▸ **WORK ITEM**: A single stretch of the material below is to be transcribed exactly, starting at the line with "Combo Vinagreen Lava" and ending after the line with "Organizational support positively".

[DATA RECORDS — start]

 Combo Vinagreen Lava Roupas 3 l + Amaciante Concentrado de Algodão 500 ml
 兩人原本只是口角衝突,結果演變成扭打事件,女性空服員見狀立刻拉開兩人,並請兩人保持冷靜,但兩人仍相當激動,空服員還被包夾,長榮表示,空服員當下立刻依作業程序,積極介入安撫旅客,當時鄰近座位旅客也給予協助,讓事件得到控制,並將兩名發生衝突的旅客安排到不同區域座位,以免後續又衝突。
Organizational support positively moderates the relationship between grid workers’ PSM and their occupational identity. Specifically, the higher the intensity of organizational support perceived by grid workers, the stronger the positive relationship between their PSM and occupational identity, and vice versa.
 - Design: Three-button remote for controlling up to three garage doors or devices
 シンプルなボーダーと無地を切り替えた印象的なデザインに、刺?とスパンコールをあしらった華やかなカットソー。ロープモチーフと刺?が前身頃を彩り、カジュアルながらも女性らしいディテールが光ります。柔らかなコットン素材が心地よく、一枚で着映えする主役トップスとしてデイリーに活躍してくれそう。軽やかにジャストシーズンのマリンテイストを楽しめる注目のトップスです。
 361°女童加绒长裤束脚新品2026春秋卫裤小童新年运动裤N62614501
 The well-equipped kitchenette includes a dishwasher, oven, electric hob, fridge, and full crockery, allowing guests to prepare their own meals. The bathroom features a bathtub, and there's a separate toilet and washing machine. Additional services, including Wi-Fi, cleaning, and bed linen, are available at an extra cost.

[DATA RECORDS — finish]
[DATA RECORDS — start]

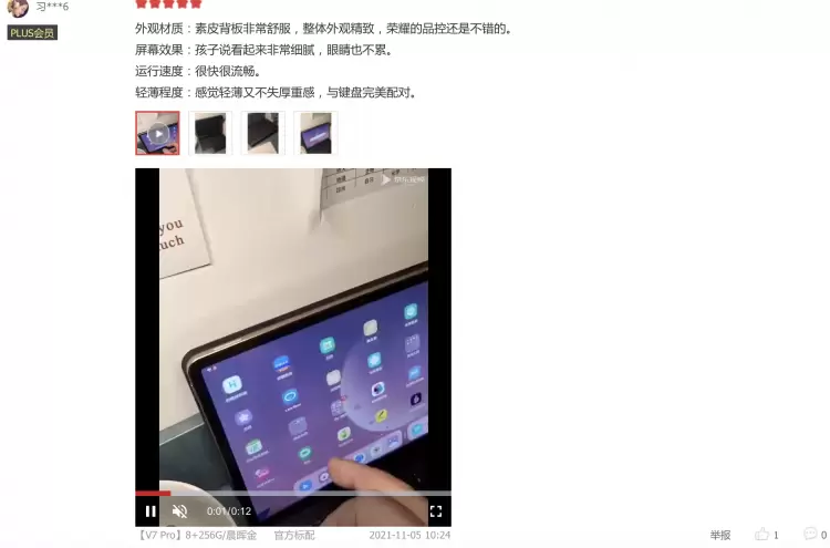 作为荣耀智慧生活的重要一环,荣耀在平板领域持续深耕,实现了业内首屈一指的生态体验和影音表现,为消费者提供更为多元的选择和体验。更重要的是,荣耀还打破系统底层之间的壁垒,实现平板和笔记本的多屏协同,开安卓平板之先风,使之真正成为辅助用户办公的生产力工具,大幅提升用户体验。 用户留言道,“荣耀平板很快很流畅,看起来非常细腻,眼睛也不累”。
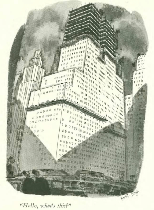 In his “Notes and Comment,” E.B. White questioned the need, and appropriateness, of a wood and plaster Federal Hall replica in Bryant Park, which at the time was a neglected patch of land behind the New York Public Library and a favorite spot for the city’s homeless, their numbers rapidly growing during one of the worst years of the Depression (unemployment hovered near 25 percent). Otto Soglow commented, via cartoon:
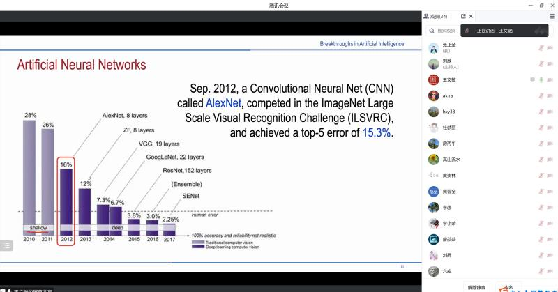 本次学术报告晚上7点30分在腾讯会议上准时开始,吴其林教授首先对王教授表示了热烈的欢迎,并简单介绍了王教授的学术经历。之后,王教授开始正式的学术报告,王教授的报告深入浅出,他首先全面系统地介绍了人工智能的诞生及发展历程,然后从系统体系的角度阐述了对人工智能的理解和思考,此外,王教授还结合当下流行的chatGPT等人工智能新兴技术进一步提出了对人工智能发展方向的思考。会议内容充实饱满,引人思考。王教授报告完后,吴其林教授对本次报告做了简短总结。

[DATA RECORDS — finish]

▸ **ANSWER TO THIS PROBLEM**:
 Combo Vinagreen Lava Roupas 3 l + Amaciante Concentrado de Algodão 500 ml
 兩人原本只是口角衝突,結果演變成扭打事件,女性空服員見狀立刻拉開兩人,並請兩人保持冷靜,但兩人仍相當激動,空服員還被包夾,長榮表示,空服員當下立刻依作業程序,積極介入安撫旅客,當時鄰近座位旅客也給予協助,讓事件得到控制,並將兩名發生衝突的旅客安排到不同區域座位,以免後續又衝突。
Organizational support positively moderates the relationship between grid workers’ PSM and their occupational identity. Specifically, the higher the intensity of organizational support perceived by grid workers, the stronger the positive relationship between their PSM and occupational identity, and vice versa.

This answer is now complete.